Ich könnte mir sogar gut vorstellen das dieses ausgereizte Ding, hart geOced, gar nichtmal so weit weg von der Leistung der ersten highend 28nm Graka's sein muß. Bleibt natürlich abzuwarten wie viel Luft letztere noch haben werden.

Wenn man desweiteren davon ausgeht das die ersten Karten der Next Gen eh wieder nur mit 2GB kommen, dann ist so eine Karte zu einem so späten Zeitpunkt des Lebenszyklus gar nicht so verkehrt.

Schön ist auch das DX11 bleibt und die Karte somit nicht gleich in einem halben Jahr wieder komplett veraltet ist


----------



## jayzee1980 (18. Mai 2011)

Die Farbgebung ist gelungen, ordentliche Lüfter sind auch vorhanden, 3 GByte Speicher ist extrem viel (aber richtige Zocker werden jedes Mbyte benötigen).

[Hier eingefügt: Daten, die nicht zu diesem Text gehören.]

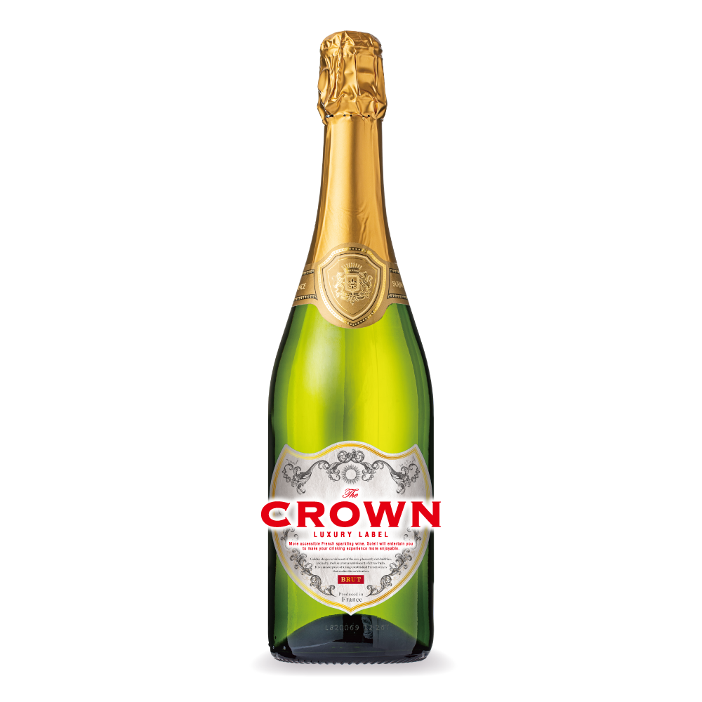変形型のCROWNラベルに、飲食店様の屋号やロゴが金箔で印字され、スパークリングワインに貼った状態で飲食店様へお届け出来ます。最小ロット12本からご注文いただける本商品は、飲食店様の本来もつポテンシャルを最大限引き出すことのできる高級仕様アイテムであることをお知らせいたします。
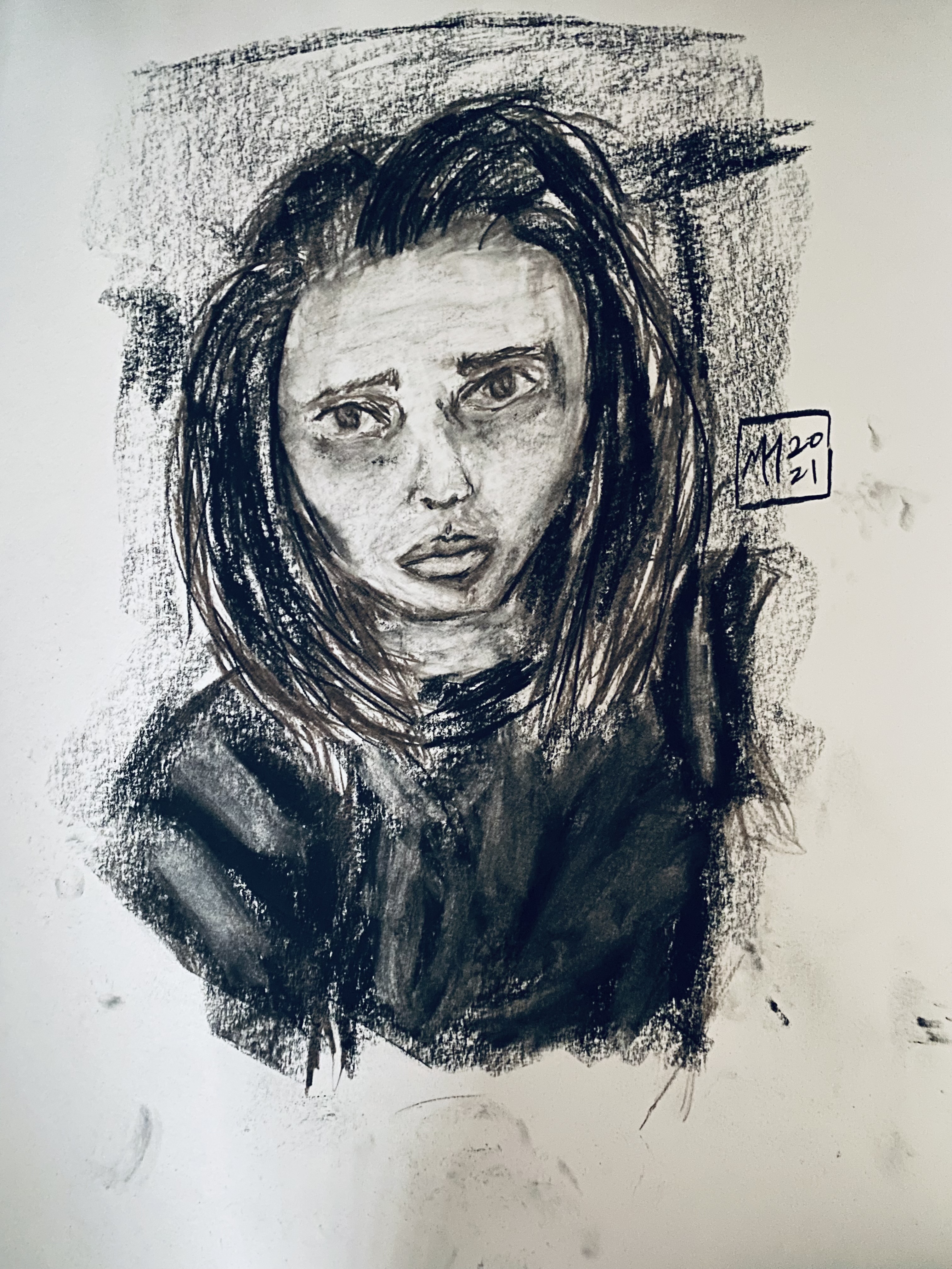 These self-portraits were done by Madison at the beginning of the Pandemic in 2020 and a year later.
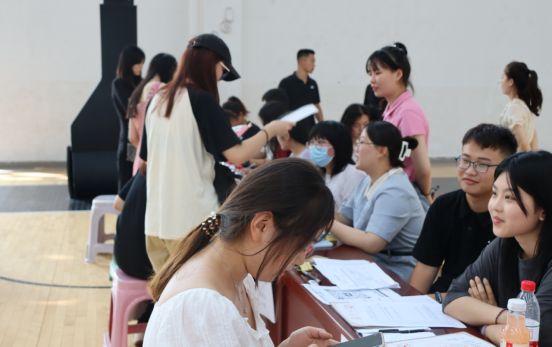 (负责身份核对的小组有条不紊地检查新生的录取通知书及相关证件)
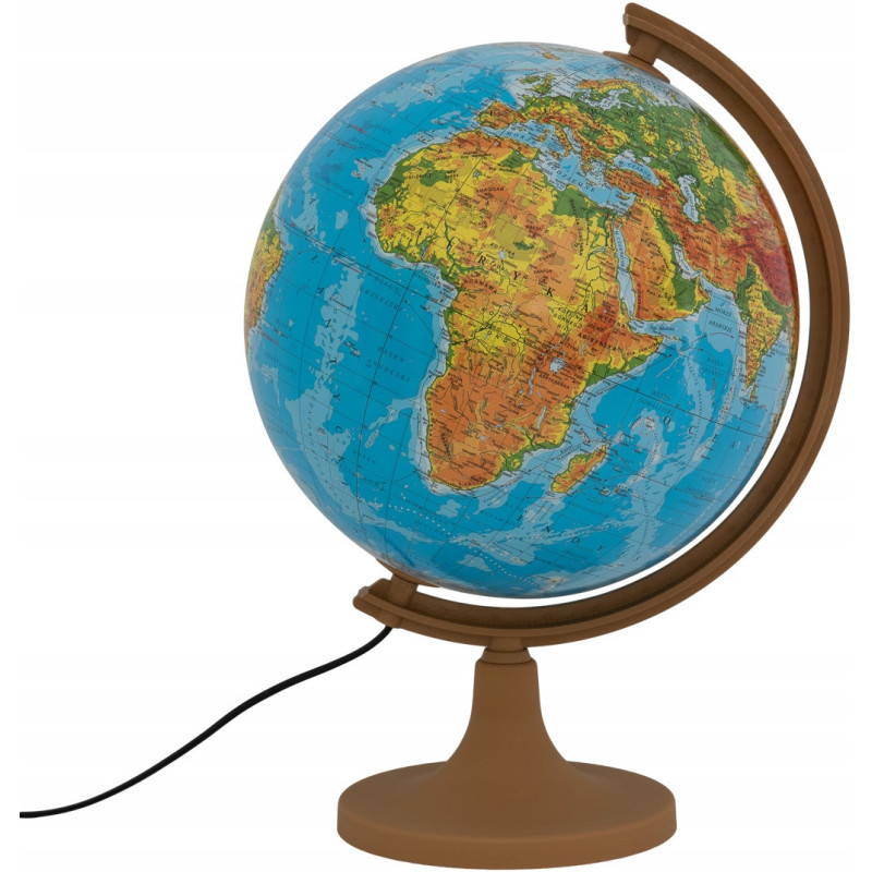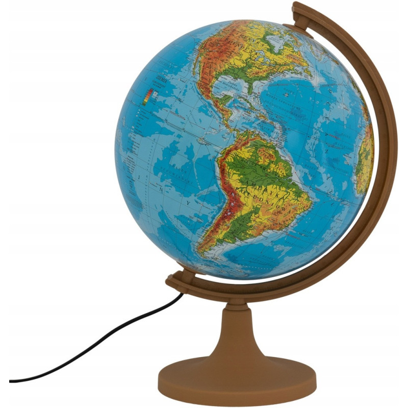 Czytelna mapa fizyczna świata przedstawia pełne ukształtowanie powierzchni Ziemi — pasma górskie, niziny, wyżyny, baseny oceaniczne oraz inne formy terenu. Po włączeniu oświetlenia globus zyskuje dodatkową głębię kolorów oraz nastrojowy charakter.

Einzig negativ bleibt der Preis ca. 400 EUR.


----------



## schneiderbernd (18. Mai 2011)

400€?..die wird wohl mal locker bei 500€ starten..
..Farbgebung gelungen..bäh..und wer braucht schon 3GB?.. nojo..


----------



## Pumpi (18. Mai 2011)

> und wer braucht schon 3GB?..


 
Wenn im 28nm Zeitalter jede gehobene Karte mit 2GB ausgestattet wird, was mMn sehr warscheinlich ist, dann wird es auch das ein oder andere Spiel geben das auf mindestens 2GB @ FullHD @ max Optik setzt.

Wer dann nur 1,5GB Vram hat mag viel Rohpower haben, aber trotzdem ein Problem 

Wenn man sich mal die bekannten Vram Fresser anschaut wie Metro/Stalker/Crysis/Shogun2/F1 2011 und deren Vram Verbrauch, dann weiß man das der nächste Schritt an deutlicher BQ Verbesserung bzw deutliche Texturverbesserung mit Sicherheit nicht mit 1,5GB zu stemmen ist.


----------



## schneiderbernd (19. Mai 2011)

Pumpi schrieb:


> Wenn im 28nm Zeitalter jede gehobene Karte mit 2GB ausgestattet wird, was mMn sehr warscheinlich ist, dann wird es auch das ein oder andere Spiel geben das auf mindestens 2GB @ FullHD @ max Optik setzt.
> 
> Wer dann nur 1,5GB Vram hat mag viel Rohpower haben, aber trotzdem ein Problem
> 
> Wenn man sich mal die bekannten Vram Fresser anschaut wie Metro/Stalker/Crysis/Shogun2/F1 2011 und deren Vram Verbrauch, dann weiß man das der nächste Schritt an deutlicher BQ Verbesserung bzw deutliche Texturverbesserung mit Sicherheit nicht mit 1,5GB zu stemmen ist.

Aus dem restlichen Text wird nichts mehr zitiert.